PROBLEM DESCRIPTION
Before you reproduce the entries that follow, strip out any image they contain and keep the rest exact.

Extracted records

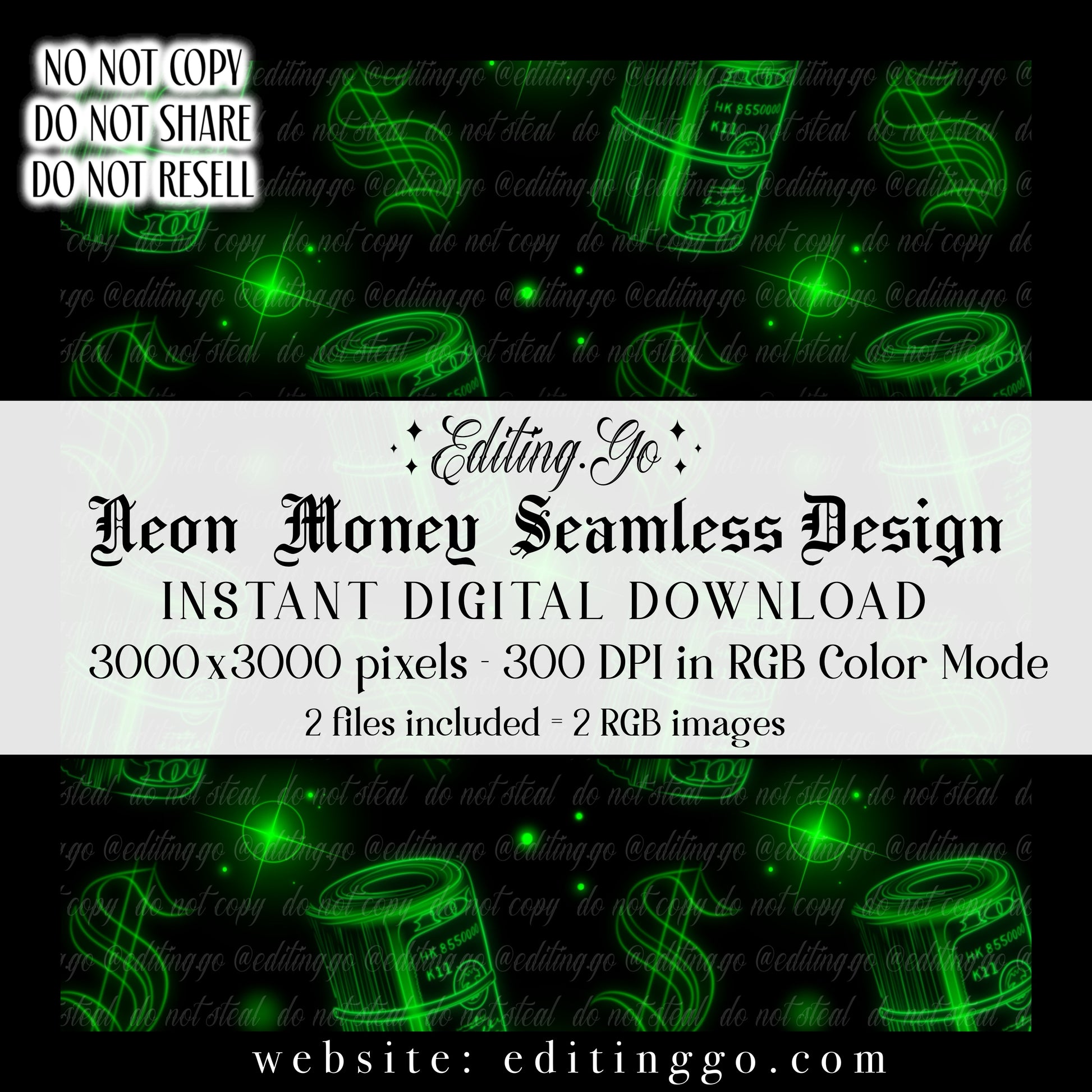 Y2k Airbrush Neon Money Signs Seamless Pattern Repeat Digital File: Perfect for fabric print, faux leather/canvas, paper crafts, scrapbooking printing, tumblr/tumblr wrap, tapestries/backdrops, notebook, party favors, and so much more! ✨
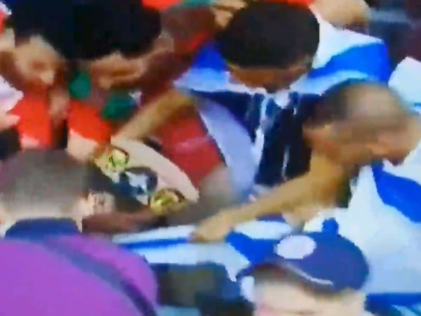 עשרות אלפי ישראלים פוקדים את היציעים במוסקבה כדי לצפות מקרוב במשחקי הגביע העולמי. כמה מהם הגיעו למשחק בין פורטוגל למרוקו (0:1 לפורטוגלים) עם דגל גדול, שנפרס ביציע. בסיום המשחק צולמו כמה אוהדים מרוקאים מתקרבים אל הדגל ומנסים למשוך ואולי אפילו לקרוע אותו. האוהדים הישראלים הגיבו במהרה ואספו בחזרה את הדגל.
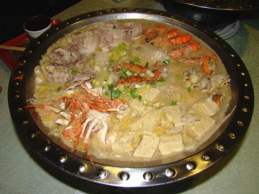 東北的 白肉火鍋,起源於滿族。火鍋以雞湯爲底,選海米、蟹肉、牡蠣和海蟹幾種海鮮來提鮮吊味,煮到八成熟的五花肉切成大薄片,雞脯肉切片裝盤,酸菜絲、白菜和粉絲也上桌,調料則有腐乳汁、韭菜花、蔥薑蒜、香椿末、蝦油、芝麻醬、辣椒油和食鹽等,喫時自行調味,自蘸自食,比普通的酸菜汆白肉多了海味更講究,湯鮮味醇,菜嫩爽口,肉肥不膩。
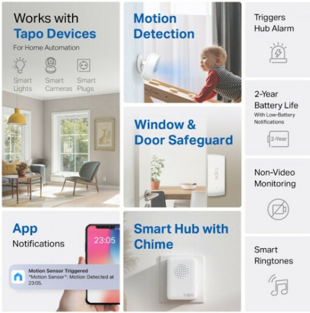 Zvyšte zabezpečení svého domova pomocí sady chytrých senzorů TP-Link Tapo T30 Kit. Obsahuje detektor pohybu, senzor kontaktu na okna a dveře a hub. Hub je kompatibilní se všemi zařízeními Tapo – teplotními čidly, senzory, chytrými tlačítky i kamerami. Díky němu je propojíte a vytvoříte chytrou domácnost.
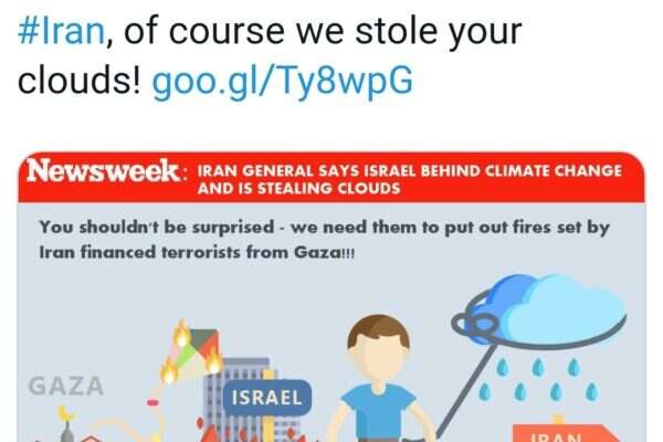 לאחר שאיראן האשימה את ישראל בבצורת בדרום המדינה, וטענה כי היא "גונבת לנו עננים ושלג", מגיעה התגובה ההיתולית של משרד החוץ • המחסור במי שתייה גרם להפגנות אלימות נגד המשטר
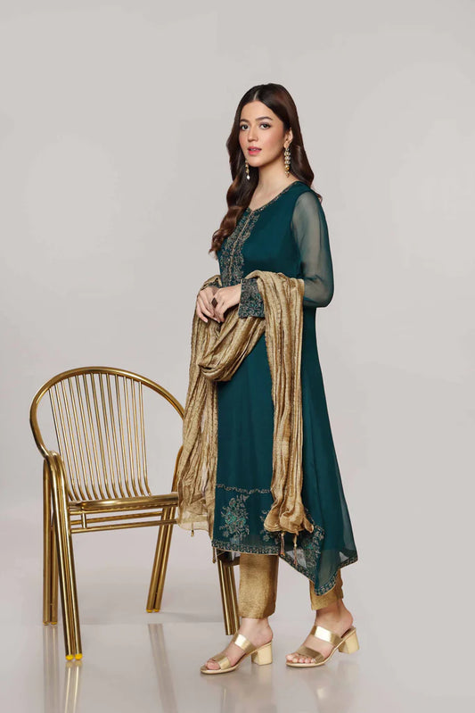 Green Embroidered Chanderi Cotton Suit - Set of 3
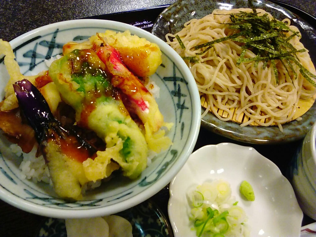 この日は、天丼とざる蕎麦のセットメニューを頼んだ。

WRITTEN RESPONSE
 Y2k Airbrush Neon Money Signs Seamless Pattern Repeat Digital File: Perfect for fabric print, faux leather/canvas, paper crafts, scrapbooking printing, tumblr/tumblr wrap, tapestries/backdrops, notebook, party favors, and so much more! ✨
 עשרות אלפי ישראלים פוקדים את היציעים במוסקבה כדי לצפות מקרוב במשחקי הגביע העולמי. כמה מהם הגיעו למשחק בין פורטוגל למרוקו (0:1 לפורטוגלים) עם דגל גדול, שנפרס ביציע. בסיום המשחק צולמו כמה אוהדים מרוקאים מתקרבים אל הדגל ומנסים למשוך ואולי אפילו לקרוע אותו. האוהדים הישראלים הגיבו במהרה ואספו בחזרה את הדגל.
 東北的 白肉火鍋,起源於滿族。火鍋以雞湯爲底,選海米、蟹肉、牡蠣和海蟹幾種海鮮來提鮮吊味,煮到八成熟的五花肉切成大薄片,雞脯肉切片裝盤,酸菜絲、白菜和粉絲也上桌,調料則有腐乳汁、韭菜花、蔥薑蒜、香椿末、蝦油、芝麻醬、辣椒油和食鹽等,喫時自行調味,自蘸自食,比普通的酸菜汆白肉多了海味更講究,湯鮮味醇,菜嫩爽口,肉肥不膩。
 Zvyšte zabezpečení svého domova pomocí sady chytrých senzorů TP-Link Tapo T30 Kit. Obsahuje detektor pohybu, senzor kontaktu na okna a dveře a hub. Hub je kompatibilní se všemi zařízeními Tapo – teplotními čidly, senzory, chytrými tlačítky i kamerami. Díky němu je propojíte a vytvoříte chytrou domácnost.
 לאחר שאיראן האשימה את ישראל בבצורת בדרום המדינה, וטענה כי היא "גונבת לנו עננים ושלג", מגיעה התגובה ההיתולית של משרד החוץ • המחסור במי שתייה גרם להפגנות אלימות נגד המשטר
 Green Embroidered Chanderi Cotton Suit - Set of 3
 この日は、天丼とざる蕎麦のセットメニューを頼んだ。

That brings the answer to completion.